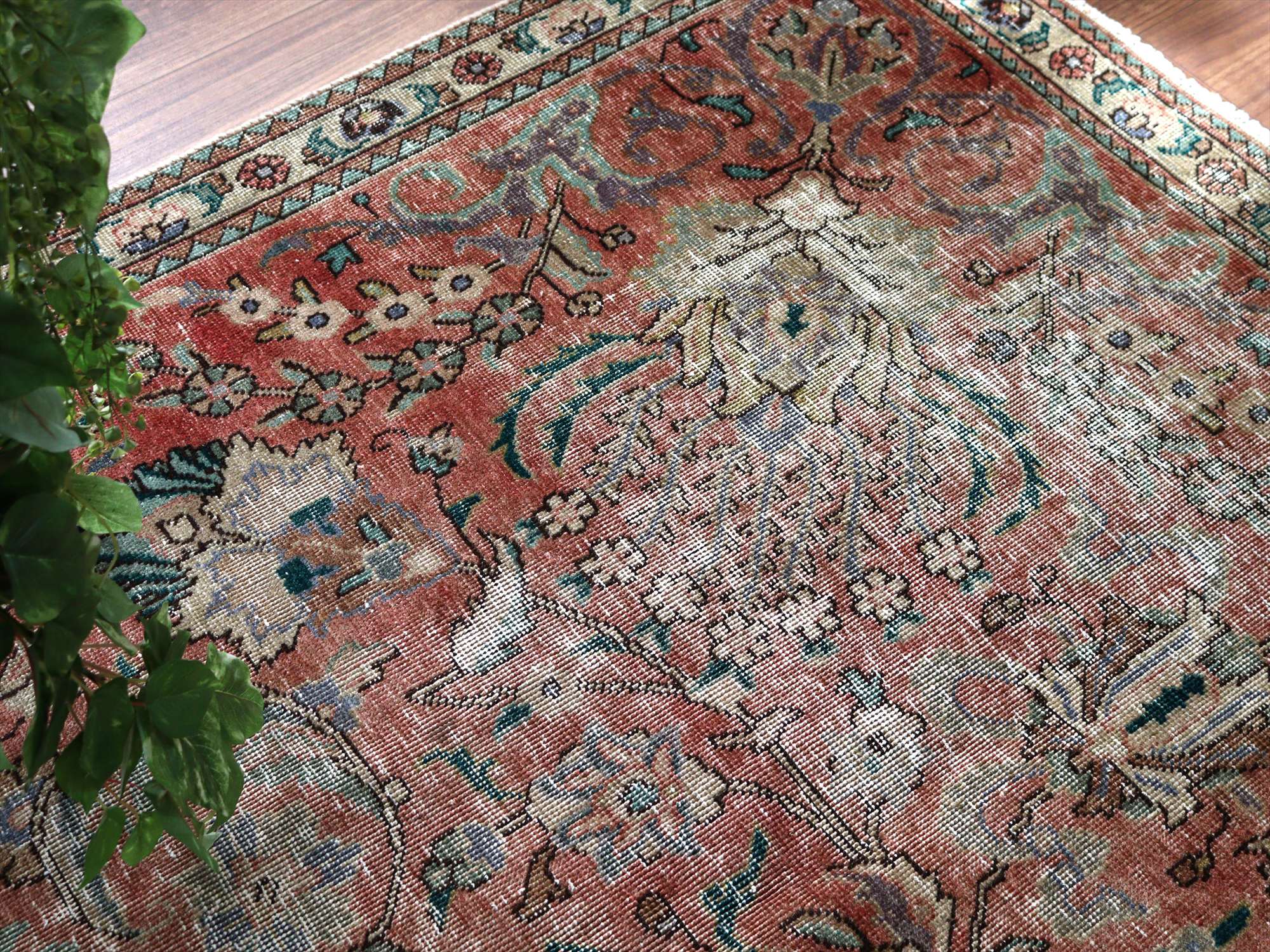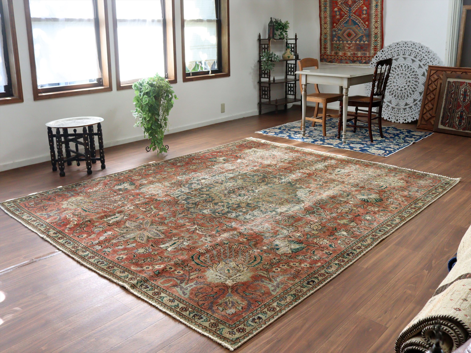 ダメージが多く、使われなくなった古い手織りカーペットを、洗った上でブリーチをかけたユーズドラグです。全体的に色褪せた雰囲気がよく出ていて、しっとりと落ち着いた印象に仕上がっています。オリジナルの絨毯は、イラン北西部、タブリーズ地方のもので、大きなメダリオン柄です。
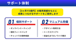 代理店様には、収益化をサポートするノウハウをご提供しております。取り組み方の流れやポイントを体系的にまとめており、スムーズにスタートいただけます。また、オンラインミーティングや個別フィードバック、チャット相談などのサポート体制も整っており、活動開始後も継続的に支援を受けることができます。
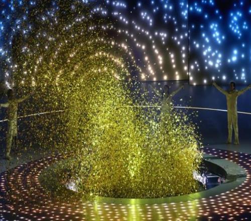 残奥会圣火穿越意大利后进入竞技场,表演者们象征性地“抓住”了火炬的光芒,将火炬在他们手中传递,然后“点燃”圣火。被“点燃”的圣火,主要由光和亮片组成火的象征效果,将整个竞技场变成了一个巨大的残奥会圣火盆。

▬▬▬▬▬▬▬▬▬▬

### About this task:
Write the listing above out again exactly, dropping each image.

### Your response:
 ダメージが多く、使われなくなった古い手織りカーペットを、洗った上でブリーチをかけたユーズドラグです。全体的に色褪せた雰囲気がよく出ていて、しっとりと落ち着いた印象に仕上がっています。オリジナルの絨毯は、イラン北西部、タブリーズ地方のもので、大きなメダリオン柄です。
 代理店様には、収益化をサポートするノウハウをご提供しております。取り組み方の流れやポイントを体系的にまとめており、スムーズにスタートいただけます。また、オンラインミーティングや個別フィードバック、チャット相談などのサポート体制も整っており、活動開始後も継続的に支援を受けることができます。
 残奥会圣火穿越意大利后进入竞技场,表演者们象征性地“抓住”了火炬的光芒,将火炬在他们手中传递,然后“点燃”圣火。被“点燃”的圣火,主要由光和亮片组成火的象征效果,将整个竞技场变成了一个巨大的残奥会圣火盆。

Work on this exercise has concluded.